Indeed, in Mani’s opinion, when the Stone Roses stumbled artistically it was because they were not enough funky. Fools Gold’s disappointing follow-up One Love was lackluster, he suggested, because it “could have swung, it’s a somewhat rigid”. He was a staunch supporter of their frequently criticized follow-up record, Second Coming but thought its weaknesses might have been fixed by cutting some of the overdubs of hard rock-influenced six-string work and “returning to the groove”.

He may well have had a valid argument. Second Coming’s handful of highlights usually coincide with the instances when Mounfield was truly given free rein – Daybreak, Love Spreads, the superb Begging You – while on its more turgid songs, you can hear him metaphorically urging the band to increase the tempo. His performance on Tightrope is completely at odds with the lethargy of everything else that’s going on on the track, while on Straight to the Man he’s clearly attempting to add a some energy into what’s otherwise some nondescript country-rock – not a genre one suspects anyone was in a hurry to hear the Stone Roses attempt.

His attempts were in vain: Wren and Squire departed the band following Second Coming’s launch, and the Stone Roses collapsed entirely after a catastrophic top-billed set at the 1996 Reading festival. But Mani’s subsequent role with Primal Scream had an impressively galvanising impact on a band in a slump after the cool reception to 1994’s guitar-driven Give Out But Don’t Give Up. His tone became dubbier, heavier and more distorted, but the groove that had provided the Stone Roses a unique edge was still present – particularly on the low-slung rhythm of the 1997 single Kowalski – as was his skill to bring his playing to the fore. His percussive, hypnotic bass line is very much the star turn on the fantastic 1999 single Swastika Eyes; his contribution on Kill All Hippies – similar to Swastika Eyes, a highlight of Xtrmntr, undoubtedly the best album Primal Scream had made since Screamadelica – is magnificent.

Consistently an affable, clubbable figure – the writer John Robb once noted that the Stone Roses’ hauteur towards the press was always broken if Mani “let his guard down” – he performed at the Stone Roses’ 2012 reunion concert at Manchester’s Heaton Park playing a personalised bass that bore the inscription “Super-Yob”, the moniker of Slade’s preposterously coiffured and constantly smiling axeman Dave Hill. Said reunion did not lead to anything more than a lengthy series of extremely lucrative concerts – a couple of new tracks released by the reformed quartet served only to prove that whatever magic had been present in 1989 had turned out impossible to rediscover 18 years later – and Mani quietly announced his retirement in 2021. He’d earned his fortune and was now more concerned with fly-fishing, which additionally provided “a good reason to go to the pub”.

Perhaps he felt he’d achieved plenty: he’d certainly left a mark. The Stone Roses were seminal in a range of manners.

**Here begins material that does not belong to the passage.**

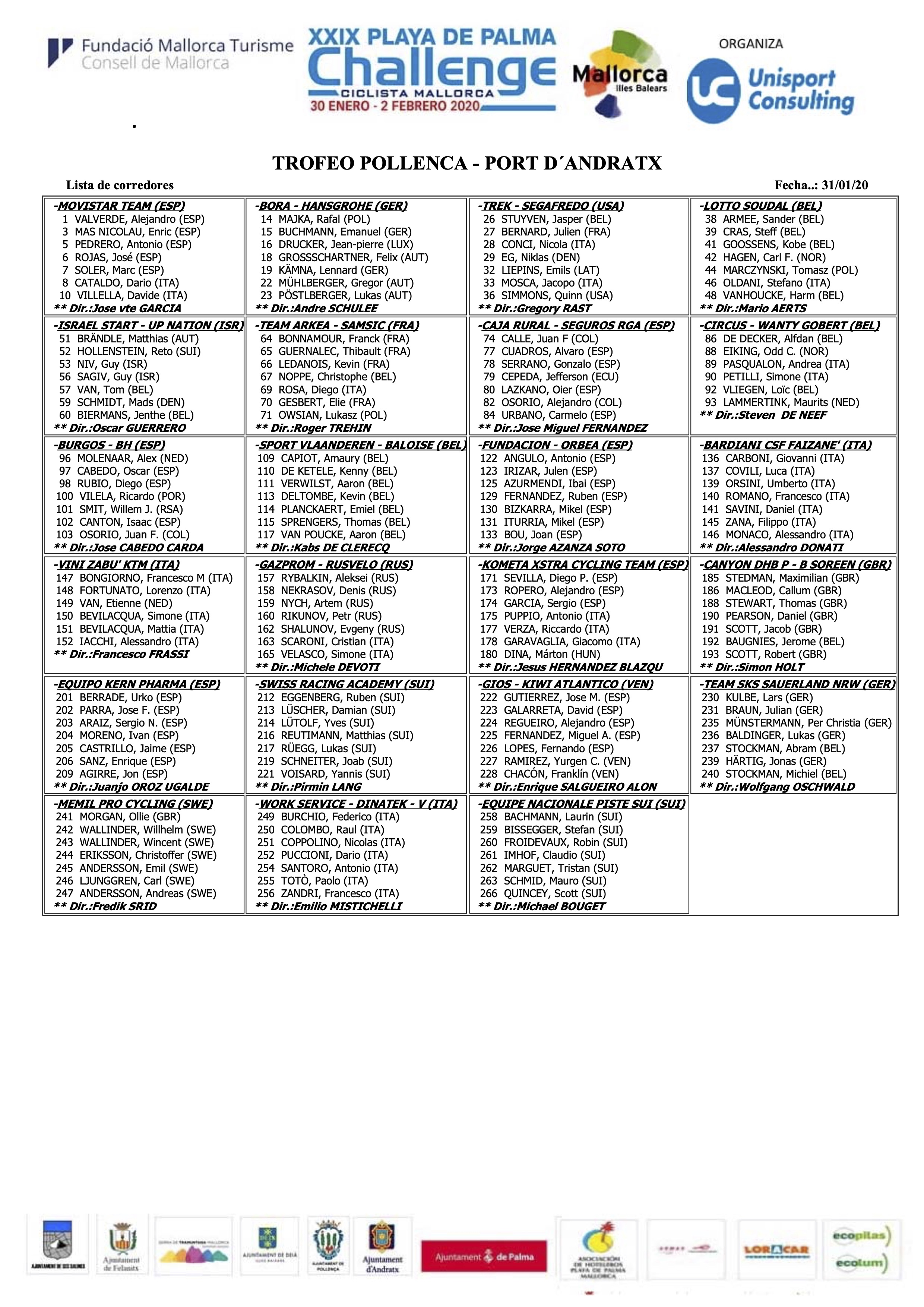 Marc Soler. «Muy contento por esta primera victoria del año, tanto para mí como para el equipo. Ha sido un día muy duro, con mucha locura y también mucho sufrimiento, pero con final feliz. En la bajada del Puigmajor, donde Buchmann ayer nos dejó atrás, el pelotón se ha cortado, y al empezar Bleda ha habido varios ataques que han acabado formando ese grupito de veinte que nos hemos jugado el triunfo. Era un terreno muy duro, con mucho repecho y esa fuga se ha ido cortando poco a poco. En un determinado momento hemos podido abrir hueco Mühlberger y yo de los que iban con nosotros y enseguida hemos encontrado muy buen entendimiento. El otro día vinimos a entrenar por la zona de Andratx y más o menos conocía la última subida, por lo que tenía claro dónde quería arrancar si tenía fuerzas y he podido llegar solo.Contentos de que la semana en Mallorca haya salido bien, con el podio de Alejandro ayer y el triunfo y el 3º de Davide hoy aquí. Ahora vamos a Valencia, donde tendremos un final parecido a este, pero más largo, en Bernia el sábado que viene. Veremos cómo se nos da allí».

Oasis undoubtedly observed their confident attitude, while Britpop as a movement was shaped by a desire to transcend the standard market limitations of alternative music and reach a more general public, as the Roses had achieved. But their clearest immediate influence was a kind of rhythmic change: following their initial success, you suddenly couldn’t move for alternative acts who aimed to make their fans move. That was Mani’s musical raison d’être. “It’s what the rhythm section are for, aren’t they?” he once averred. “That’s what they’re for.”

Amanda Atkins
Amanda Atkins

Tech enthusiast and startup advisor with a passion for fostering innovation in Southern Italy.